「実用的」と「芸術的」とは意外と近い関係かもしれません。いつもおウチで使っている洗濯ばさみがアートになる?!

雨のせいで洗濯できませーん

  • (Twitter 洗濯バサミフォトグラファー・岡本なう@okaphotoart より引用)

洗濯ばさみが誕生したのはいつ頃か不明ですが、工業製品として普及したのは19世紀から20世紀にかけて。木製のばね付きの洗濯ばさみとして世の中に広がっていきました。コレ、けっこう最近まで使われていたんですよね。その後、プラスチック製になり、さらに身近なものに。そして2023年、洗濯ばさみはアートへと進化しました! 岡本なう氏の手により造形された洗濯ばさみアートは、フォロワーたちの心を動かしたようで…。

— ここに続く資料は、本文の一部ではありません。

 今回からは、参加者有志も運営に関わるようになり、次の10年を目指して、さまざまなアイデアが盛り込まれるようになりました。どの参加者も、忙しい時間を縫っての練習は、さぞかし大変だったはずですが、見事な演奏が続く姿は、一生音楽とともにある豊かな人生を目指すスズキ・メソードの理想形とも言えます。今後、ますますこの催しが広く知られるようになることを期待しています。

「なんか…エモい…」「シュールすぎる」「スゴイ! 洗濯バサミも泣いてる」「せ、せつない」「芸術作品出来てる」「こういうの…好きwwwww」「めっちゃいいですねコレw」「あえて動画なの、ゆらゆら感と雨音がまた雰囲気出てめっちゃいい」などなど。投稿者であり洗濯バサミフォトグラファーの岡本なうさんにお話を伺いました。

■洗濯バサミフォトグラファーに聞く

……なぜ洗濯ばさみで作品をつくろうと考えましたか?

岡本なうとして2013年からSNSに、アート、ハンドメイド、音楽、(野鳥)写真、短歌などを発表してきて、2021年3月から「洗濯バサミフォトグラファー」としての活動は開始しました。そこから洗濯バサミの魅力を追求した写真を試行錯誤しながら撮り続けていますが、洗濯バサミを使った立体作品などを始めたのは、2022年4月20日にSNSに上げた「(1)洗濯バサミ草(そう)」がきっかけです。

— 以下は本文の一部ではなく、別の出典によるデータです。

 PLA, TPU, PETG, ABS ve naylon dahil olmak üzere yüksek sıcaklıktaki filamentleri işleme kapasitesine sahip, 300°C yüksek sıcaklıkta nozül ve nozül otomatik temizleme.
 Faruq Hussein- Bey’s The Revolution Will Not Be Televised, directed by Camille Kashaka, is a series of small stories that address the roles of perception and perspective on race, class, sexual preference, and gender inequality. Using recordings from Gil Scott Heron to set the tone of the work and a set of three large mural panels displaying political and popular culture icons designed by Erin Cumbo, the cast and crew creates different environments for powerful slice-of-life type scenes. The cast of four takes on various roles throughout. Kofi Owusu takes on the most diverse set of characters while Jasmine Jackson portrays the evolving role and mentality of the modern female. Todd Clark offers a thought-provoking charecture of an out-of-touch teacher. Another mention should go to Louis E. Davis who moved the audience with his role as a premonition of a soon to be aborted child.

  • (Twitter 洗濯バサミフォトグラファー・岡本なう@okaphotoart より引用)

これは、洗濯バサミに蛍光塗料を塗って蛍のように撮れないかなぁーと思い、塗料を乾かしていた時に撮ったものです。雑草が生い茂ってきた我が家の庭にいい光を見つけたので、試しにこういうものもSNSのフォロワー様に楽しんでもらえるかなぁーとTwitterとインスタグラムにアップしました。

結果、思ったよりも皆様が楽しんでくださったので、それならば花が咲いたら面白いかなぁーと思い、「(2)洗濯バサミ草の花」をあげました。そこからタンポポのように綿毛になったら・・・と思い「(3)洗濯バサミ草の花(綿毛)」、梅雨に入ったので「(4)洗濯バサミ花(紫陽花)」などと繋がっていきます。そして、「(4)洗濯バサミ花(紫陽花)」が人生で初めてTwitterでいわゆる「(ちょこっと)バズる」という状態になりました。多くの皆様に楽しんでいただけている感覚をよりどころに、この洗濯バサミを使ったアート作品をこれからも続けていこうと思うようになり、現在に至ります。

……今回の「雨」を作ろうと思ったきっかけは?

「雨」を作る前に「風」を作って動画を撮影しました。これは「風」という漢字が強風に飛ばされていく様子を撮ったものなのですが、これが思ったよりもご覧いただいた皆様に喜んでいただけて、物凄く嬉しかったのがきっかけです。洗濯バサミで文字を作るということは、洗濯バサミフォトを撮り始めた2021年の9月頃から挑戦していたのですが、当時は立体的に組み上げることが出来ず、木製の洗濯バサミを床に並べて文字を撮影する方法でした。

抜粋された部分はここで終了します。